Glauber diz que a sensação de vulnerabilidade é parecida tanto na Angola quanto no Brasil. "Tínhamos as restrições, mas não deixávamos de ter a vulnerabilidade no Brasil. Como é o país que mais mata LGBTQI+, não tinha como ficar confortável vivendo aí", afirma.
O vice-cônsul diz que ser estrangeiro por lá também muda a experiência sendo LGBTQI+ e, antes da descriminalização, os dois participaram de uma parada LGBT em que sentiram que o país passava por evoluções.
"Vimos movimentos em 2019 que foi muito bacana presenciar, a comunidade mostrava um fôlego e dizia claramente que 'nós existimos, nós estamos aqui, nós vamos lutar', foi muito bom ver isso", conta Glauber.
Proteção
Como os dois são brasileiros, o casal entende que muitas vezes ser estrangeiro foi algo positivo no país. "Quando chegamos em Luanda, houve uma confusão com a nossa reserva de hotel, já que eu pedi uma cama de casal no quarto e a recepcionista entendia que para dois homens o 'normal' era ter duas camas no quarto, mas a gerente que liberou o quarto e era portuguesa entendeu que éramos estrangeiros. Notamos que a angolana ficou confusa e iria demorar para se acostumar", conta Glauber.

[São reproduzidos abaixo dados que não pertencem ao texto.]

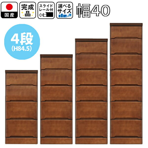 幅40 4段 クライン すき間チェスト ランドリーチェスト サニタリーラック 隙間収納 木製 日本製 完成品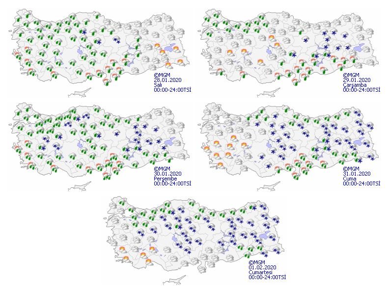 Yağışların genellikle yağmur ve sağanak, sabah ilk saatlerde Bolu'nun yüksek kesimlerinin, akşam saatlerinden sonra Batı Karadeniz'in iç kesimleri, Doğu Anadolu'nun batısı ile Tokat, Sivas ve Kayseri çevrelerinin yer yer karla karışık yağmur ve yükseklerinin kar yağışlı geçeceği tahmin ediliyor. Yağışların; Antalya'nın doğu ilçelerinde kuvvetli olması bekleniyor. Bu sabah ve gece saatlerinde iç ve doğu kesimlerde buzlanma ve don olayı ile birlikte yer yer pus ve sis hadisesi bekleniyor.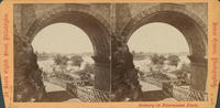 View looking northwest through the observatory tower arch at the basin of the Fairmount Water Works on the Schuylkill River. Shows the path with ornate iron railing leading to the terrace of the new mill house built on the mound dam between 1859 and 1862 after the designs of engineer Henry P.M. Birkinbine. Also shows a pavilion of the old mill house and the pavilion on the pier of the mound dam. The waterworks, originally built between 1812 and 1822 after the designs of Philadelphia engineer Frederick Graff, were altered and expanded after the designs of Philadelphia engineers, Henry P.M. Birkinbine and Frederick Graff, Jr.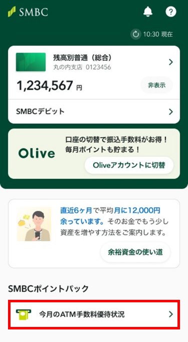 Oliveアカウント申込済の場合は、口座残高下のエリアにATM手数料優待状況が表示されます。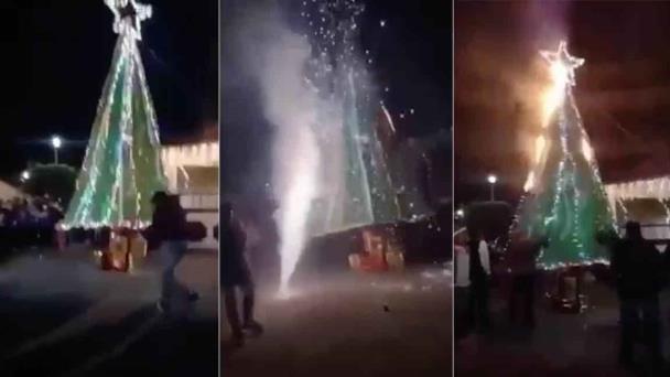 A través de un video se observa cómo varias personas se encuentran alrededor del pino ubicado en la plaza principal y luego de que los juegos pirotécnicos se prendieran, el árbol comienza a arder de diversos puntos. Tanto asistentes como encargados del evento intentaron sofocar las llamas pero su esfuerzo fue en vano.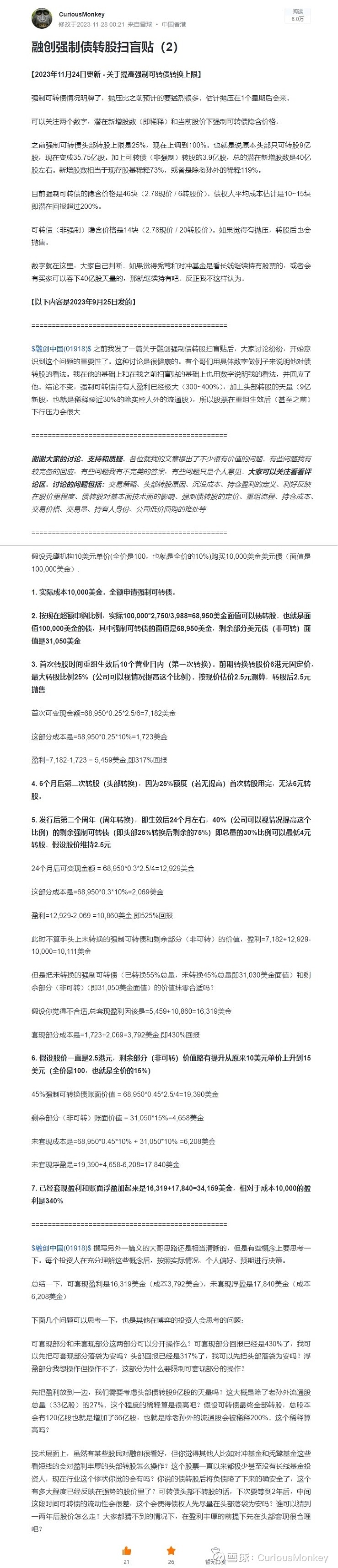 1. 强制可转债持有人平均持仓成本在10~15块(100块面值),相当于通过转股以0.6至0.9港元每股购入股票(10% x 6港元转股价;15% x 6港元转股价)。当前股价隐含回报颇为丰厚还有100~200%。
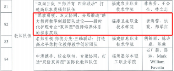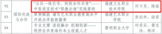 近日,福建省職業(yè)技術教育中心公布了2025年全省職業(yè)教育改革發(fā)展典型案例名單,我校報送的《思政引領、雙元協(xié)同、分層鍛造”助力教師教學創(chuàng)新團隊建設——新時代護理專業(yè)“雙師型”教師培養(yǎng)體系的探索實踐》(公共衛(wèi)生與健康管理學院)、《五位一體引導,校院合作共育”——中醫(yī)適宜技術“職教出海”實踐案例》(醫(yī)學院)2個案例分別入選“教師隊伍”、“國際交流與合作”類型典型案例。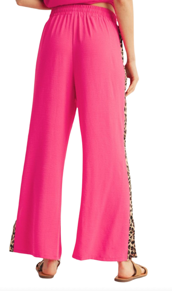 The pants feature side leopard with a small slit at the hem and include pockets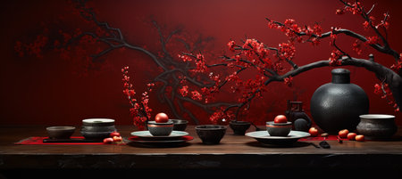 Traditional Chinese New Year Decor. Customizable Wall Mockup with Ample Copy Space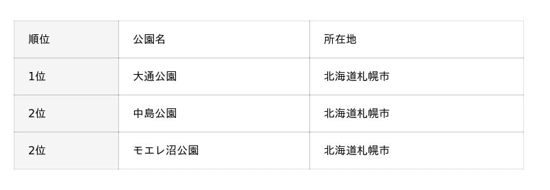 北海道地方では、札幌市内の大規模公園を中心に票が集まりました。以下は、調査回答で挙げられた公園名を票数順にまとめたランキングです。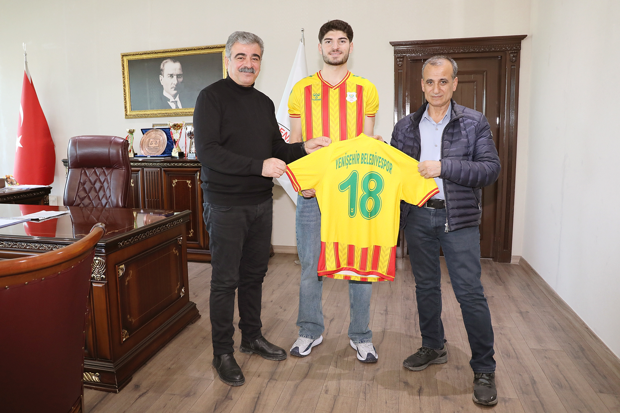Ziyarette, Yenişehir Belediyesi A Futbol Takımı’nın devre arasında transfer ettiği oyuncular tanıtıldı.

Além disso, os dois brincam que, por parecerem um com o outro, muitas situações desagradáveis foram evitadas por isso. "Nunca olham para nós como casal, olham como irmãos", diz Glauber. "No nosso caso a chance de olhar torto é menor, mas é aquilo: dizem que com o tempo um fica parecido com o outro", afirma Rhicardo.
Por conta da pandemia da Covid-19, os planos de casar foram adiados e, agora, Glauber e Rhicardo esperam a vacina e a liberação de voos para o Brasil para comemorar a união com a família. "Nós temos apenas a união estável, não casamos na Austrália. Assim que todos estiverem vacinados, podemos celebrar o casamento", diz Glauber.